Veterans of Nazi Germany’s infamous Waffen-SS have been discovered living in Britain 70 years after the end of WWII.
At least 25 ex-soldiers of the SS Galizien division, made up of ethnic Ukrainians from the Galicia region of Ukraine, have been found living in the UK since the end of the war.
Some of the former soldiers, who served in a crack paramilitary force, were once listed as alleged war criminals by the Soviet Union.
However, the Foreign Office granted 8,000 of them permission to reside in the UK. Today, the last surviving veterans are spread across the country.
Some have admitted to suppressing rebellions and to handing over communists to the German police.
Two survivors, Myron Tabora, 90, and Ostap Kykawec, 92, were both listed as suspected war criminals by the USSR in 1948.

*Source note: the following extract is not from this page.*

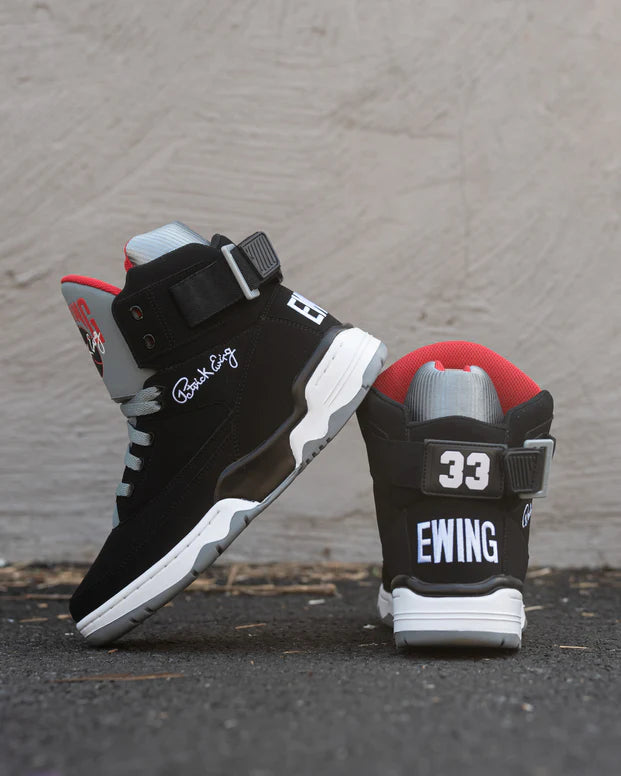 The flagship Ewing Athletics shoe, the 33 HI is an exact retro of the 1990 original, and features a classic reversible ankle strap that can be worn on the front or back of the shoe, and a full length PU midsole for cushioning. This colorway features a Black Nubuck upper with Grey and Red accents.

SS personnel cards for the pair can still be found in archives. Both were lieutenants in the SS Galizien and were of interest to famous Nazi-hunter Simon Wiesenthal.
Tabora, now living in Lichfield, Staffordshire, worked as an engineer after arriving in the UK and told the Sun newspaper he had never seen his SS personnel card before.
He also claimed he never knew he was listed by the Soviet Union as an alleged war criminal.
“I was with the Galizien, yes. But I never fired a rifle and I was in officer school for two years. I went to the Austrian front but I didn’t know of any men committing crimes,” Tabora said.
“But what is a war crime with what the Russians did? I heard about Polish people being killed in Ukraine but Poles were killing Ukrainians just the same. It was mutual. And what about the British Empire killing people?”
Both Tabora and Kykawec joined the SS Galizien in 1943, when they were 18 and 19 respectively.
Kykawec, who lives in Keighley, West Yorkshire, claims he was in SS officer school for two years and only fired weapons in training exercises.
“I was fighting for Ukrainian independence, that’s why I joined. We were under German command as the Galizien. At first we were regular SS but then we became Waffen-SS – we wore a lion on our shirts,” the former textiles worker and engineer said.
Although the SS Galizien was never found guilty of war crimes, accusations have long existed around the unit’s conduct.
It has been claimed the Galizien took part in the violent suppression of popular uprisings in Slovakia, Yugoslavia and Serbia and massacred civilians in these countries, as well as Polish citizens in Ukraine.
As part of SS officer training, soldiers were taught methods of controlling prisoners at the infamous Dachau concentration camp in Germany, where an estimated 31,951 people were killed.
One former member of the SS Galizien, Michailo Fostun, admitted to helping put down the Jewish uprisings in Warsaw in 1943 and to taking part in the destruction of the Bialystok ghetto, during which 60,000 men, women and children were slaughtered.
Fostum lived out in his life in Wimbledon, London, where he died in 2004.
Following the war, the Foreign Office deemed the task of screening all 8,000 SS men who were offered settlement in Britain to be too challenging.
“We only have their own word for it that they have not committed atrocities or war crimes,” Brigadier General Maclean said at the time.